There’s no doubt that Hillis’ target audience were women of a certain class; she seems to take it for granted that you will probably have a maid – and if you don’t, you’re very unfortunate as you’ll have to do everything yourself – and she provides lots of tips on hosting the perfect cocktail party or bridge night. There’s also an assumption that you will be living in a large city like New York with plenty of clubs, theatres and exhibitions to go to; women who live alone in a small town or in the countryside aren’t given as much attention, except in a few of the case studies. However, a lot of her advice is still relevant today and to everyone, such as how to meet people and make new friends. I will leave you with a quote that I think applies to all of us live-aloners, whatever our personal circumstances:

Living alone, you can – within your own walls – do as you like. The trick is to arrange your life so that you really do like it.

30 thoughts on “Live Alone and Like It by Marjorie Hillis – #1936Club

  1. Elle says:

    I read this a while back and, while coming to the same conclusions as you (what if we *don’t* have maids, Marjorie, eh?), really enjoyed it. To be taken with a pinch of salt, but it still has plenty to say!

  2. Simon T says:

    1936 is my favourite club year yet, I think! I read lots of guides for unmarried women as part of my DPhil research, and most of them were so miserable – Hillis’s was such a breath of fresh air. And – as a live-aloner – I agree that there is much advice still to be listened to!

  3. buriedinprint says:

    What a suitable quotation at the end there: this sounds like a real delight (even for those of us who do not have –and would not choose to have–a maid).

  4. Jo says:

    You just wouldn’t think of self help books back in the 1930s, this sounds interesting.

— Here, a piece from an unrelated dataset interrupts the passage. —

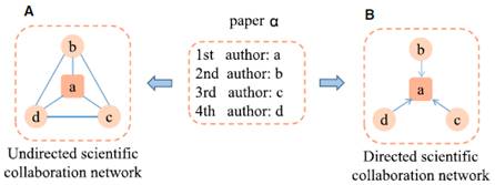 在科学学研究领域中,如何测度科学家影响力是一个重要的主题。已有研究中一种途径是通过科学家合作网络来进行。传统科学家合作网络是无向网络,如果两名科学家共同合著过一篇论文,则在他们之间添加一条连边。然而这种网络忽略了科学家对于合作论文贡献力的不同,所以我们考虑了一种简单的科学家贡献力分配的情况,即将一篇论文的作者划分为两类:重要贡献者(第一作者、通讯作者)和非重要贡献者,并构建了一种由非重要贡献者指向重要贡献者的有向科学家合作网(如下图):
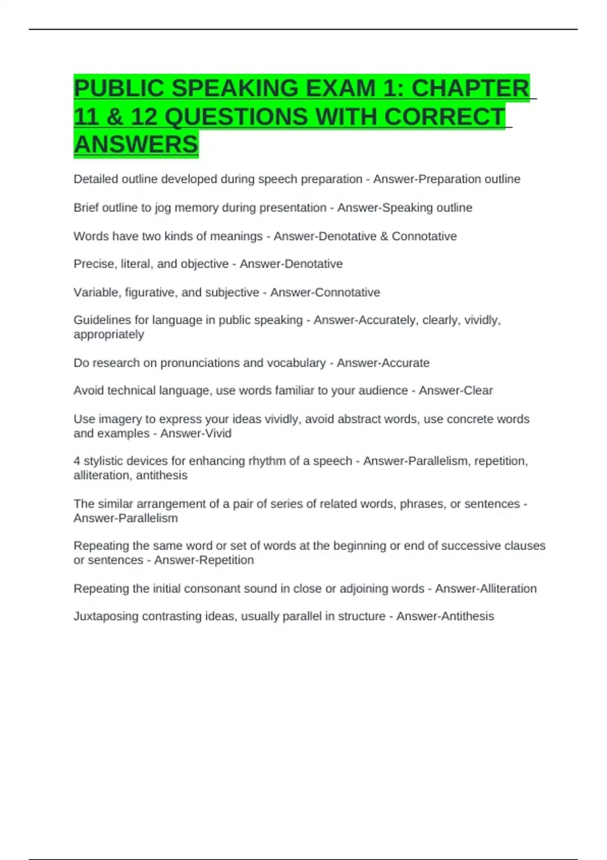 PUBLIC SPEAKING EXAM 1: CHAPTER

    And whilst some days I would like a cleaner if not a maid, I think the quote you use is correct, you can do what you like and make your life what it is. I like to think I do at least 90% of the time.

  5. The Idle Woman says:

    Ah, I love this book so much! It’s one of my comfort books: I bought it in hardback when I was at university and it saw me through over a decade of living alone. It is fabulous: not always applicable to modern circumstances, as you say (especially re. the maids!), but Hilliard is so full of pep that she always makes it sound like a wonderful adventure. She almost – I stress ‘almost’ – convinced me to buy a satin bed-jacket 😉

    If you enjoyed this, have you come across Hillis’s financial self-help book, Orchids On Your Budget? (https://www.amazon.co.uk/Orchids-Your-Budget-Smartly-Classics/dp/1844086186) It’s very much in the same spirit and comes (or came) in a matching pocket hardback edition. Wonderful old-school escapism, with a few still-relevant underlying truths.